# Requirement
Exact transcription of the following records is needed, with every picture dropped.

Dataset excerpts:

=== Begin Enclosure ===

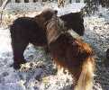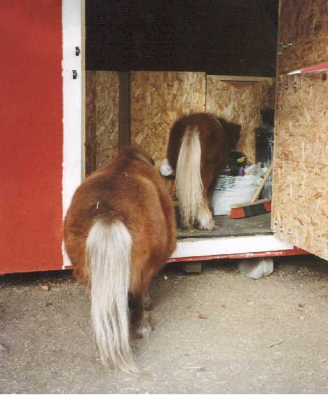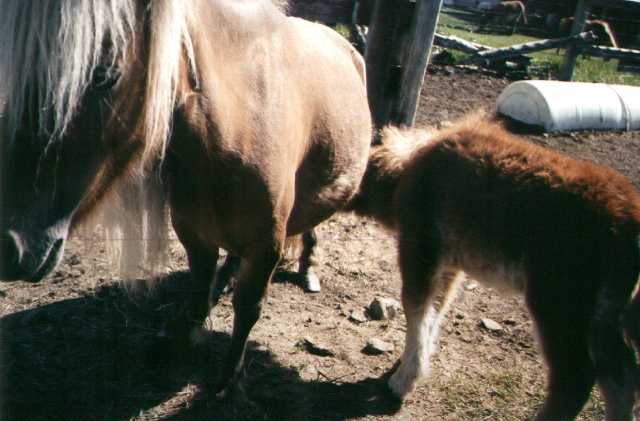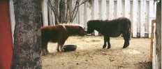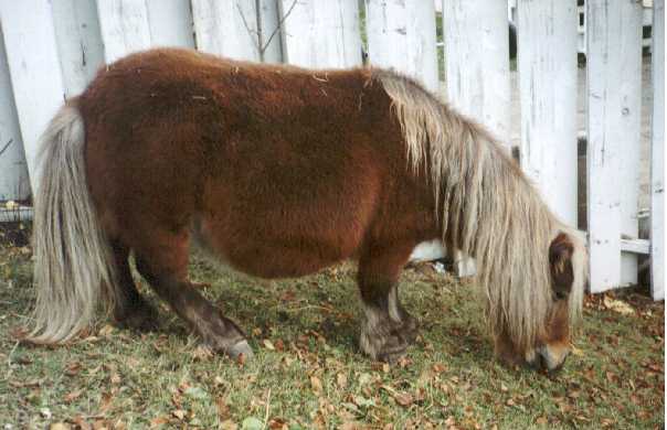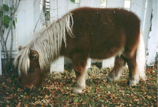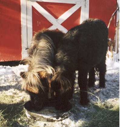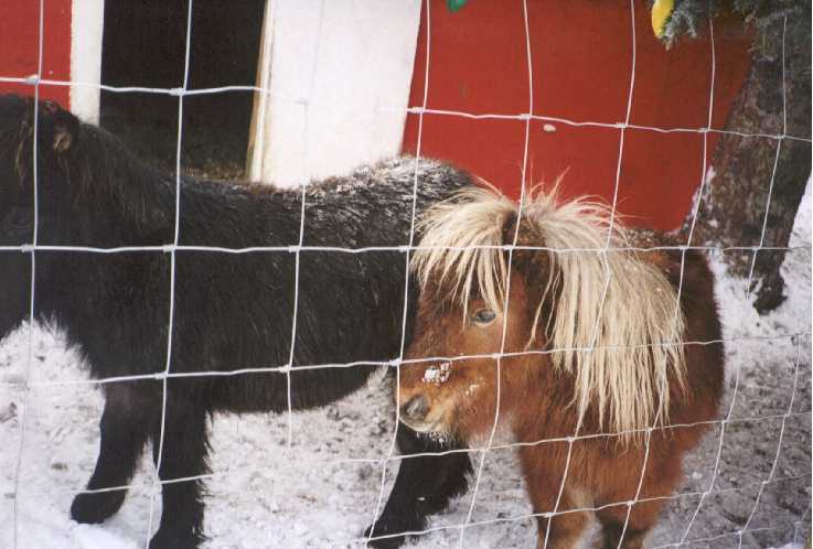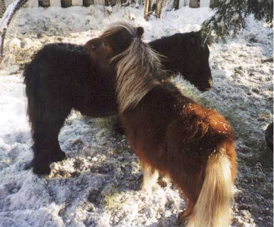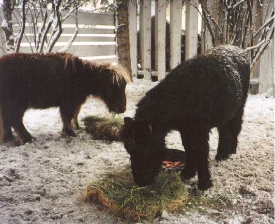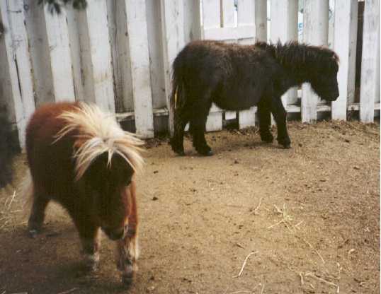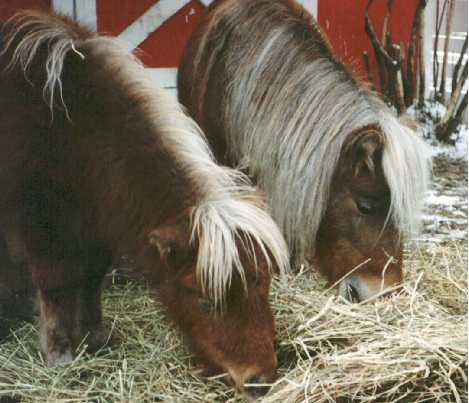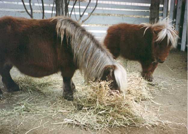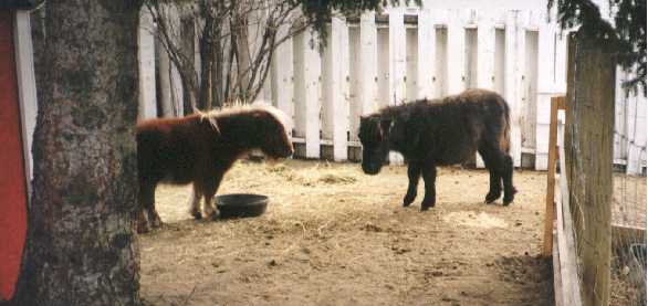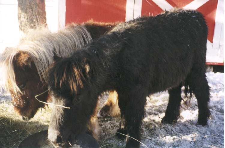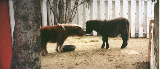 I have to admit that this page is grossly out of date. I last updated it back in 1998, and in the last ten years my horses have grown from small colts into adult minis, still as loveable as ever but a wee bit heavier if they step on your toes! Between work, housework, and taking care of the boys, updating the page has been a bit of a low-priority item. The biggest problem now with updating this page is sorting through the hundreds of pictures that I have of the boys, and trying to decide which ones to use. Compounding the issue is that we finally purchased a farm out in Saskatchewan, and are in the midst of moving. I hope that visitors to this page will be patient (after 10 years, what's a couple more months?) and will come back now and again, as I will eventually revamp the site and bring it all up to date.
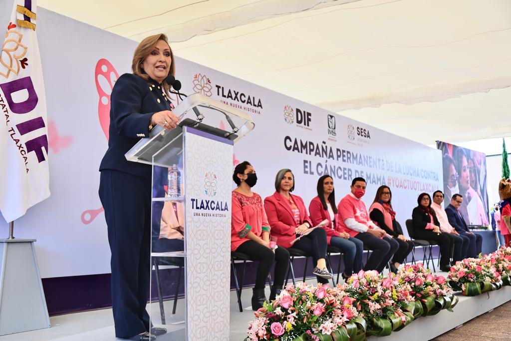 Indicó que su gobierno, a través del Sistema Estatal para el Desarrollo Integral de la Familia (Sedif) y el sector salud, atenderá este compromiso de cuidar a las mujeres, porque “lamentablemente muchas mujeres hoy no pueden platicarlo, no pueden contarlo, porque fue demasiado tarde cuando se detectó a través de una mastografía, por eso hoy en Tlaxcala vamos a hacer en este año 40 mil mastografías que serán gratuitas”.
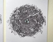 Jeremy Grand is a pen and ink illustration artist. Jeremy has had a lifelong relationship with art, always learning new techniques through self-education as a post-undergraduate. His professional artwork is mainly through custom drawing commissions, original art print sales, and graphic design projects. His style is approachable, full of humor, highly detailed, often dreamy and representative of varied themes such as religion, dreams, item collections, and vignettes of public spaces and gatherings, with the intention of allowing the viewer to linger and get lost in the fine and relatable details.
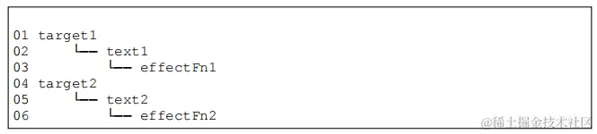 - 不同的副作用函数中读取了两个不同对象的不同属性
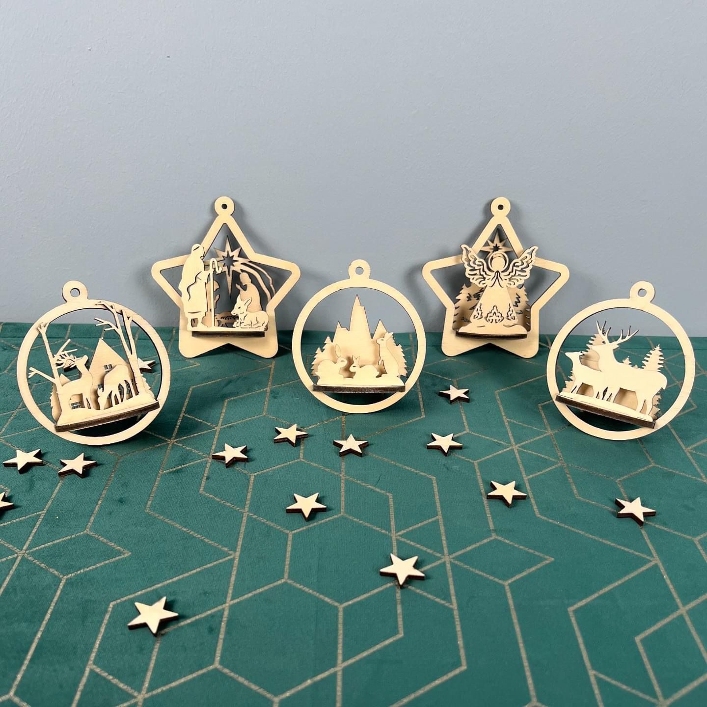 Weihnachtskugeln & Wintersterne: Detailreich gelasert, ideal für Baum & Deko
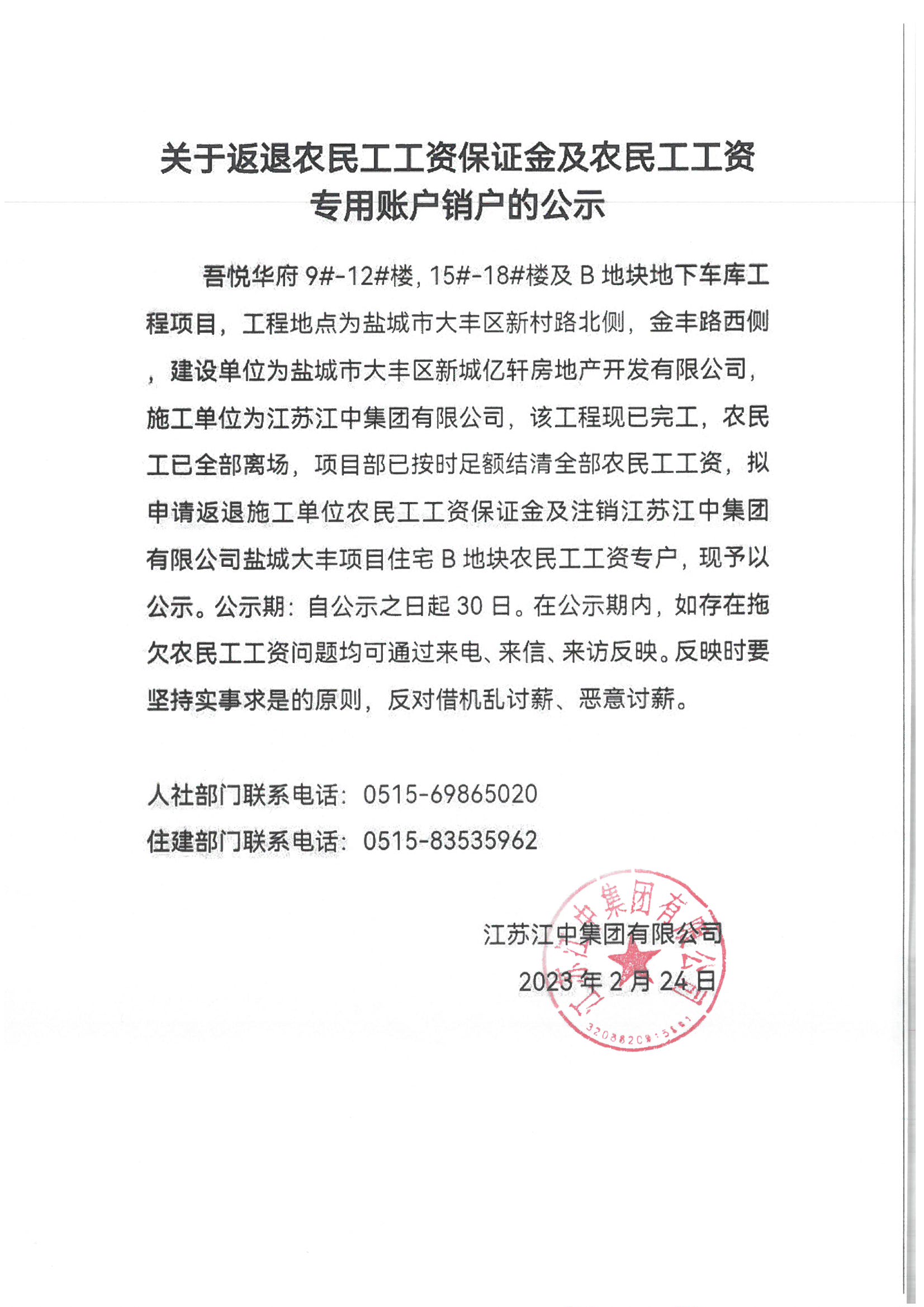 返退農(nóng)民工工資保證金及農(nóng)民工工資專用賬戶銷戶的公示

=== End Enclosure ===

# Answer space
 I have to admit that this page is grossly out of date. I last updated it back in 1998, and in the last ten years my horses have grown from small colts into adult minis, still as loveable as ever but a wee bit heavier if they step on your toes! Between work, housework, and taking care of the boys, updating the page has been a bit of a low-priority item. The biggest problem now with updating this page is sorting through the hundreds of pictures that I have of the boys, and trying to decide which ones to use. Compounding the issue is that we finally purchased a farm out in Saskatchewan, and are in the midst of moving. I hope that visitors to this page will be patient (after 10 years, what's a couple more months?) and will come back now and again, as I will eventually revamp the site and bring it all up to date.
 Indicó que su gobierno, a través del Sistema Estatal para el Desarrollo Integral de la Familia (Sedif) y el sector salud, atenderá este compromiso de cuidar a las mujeres, porque “lamentablemente muchas mujeres hoy no pueden platicarlo, no pueden contarlo, porque fue demasiado tarde cuando se detectó a través de una mastografía, por eso hoy en Tlaxcala vamos a hacer en este año 40 mil mastografías que serán gratuitas”.
 Jeremy Grand is a pen and ink illustration artist. Jeremy has had a lifelong relationship with art, always learning new techniques through self-education as a post-undergraduate. His professional artwork is mainly through custom drawing commissions, original art print sales, and graphic design projects. His style is approachable, full of humor, highly detailed, often dreamy and representative of varied themes such as religion, dreams, item collections, and vignettes of public spaces and gatherings, with the intention of allowing the viewer to linger and get lost in the fine and relatable details.
 - 不同的副作用函数中读取了两个不同对象的不同属性
 Weihnachtskugeln & Wintersterne: Detailreich gelasert, ideal für Baum & Deko
 返退農(nóng)民工工資保證金及農(nóng)民工工資專用賬戶銷戶的公示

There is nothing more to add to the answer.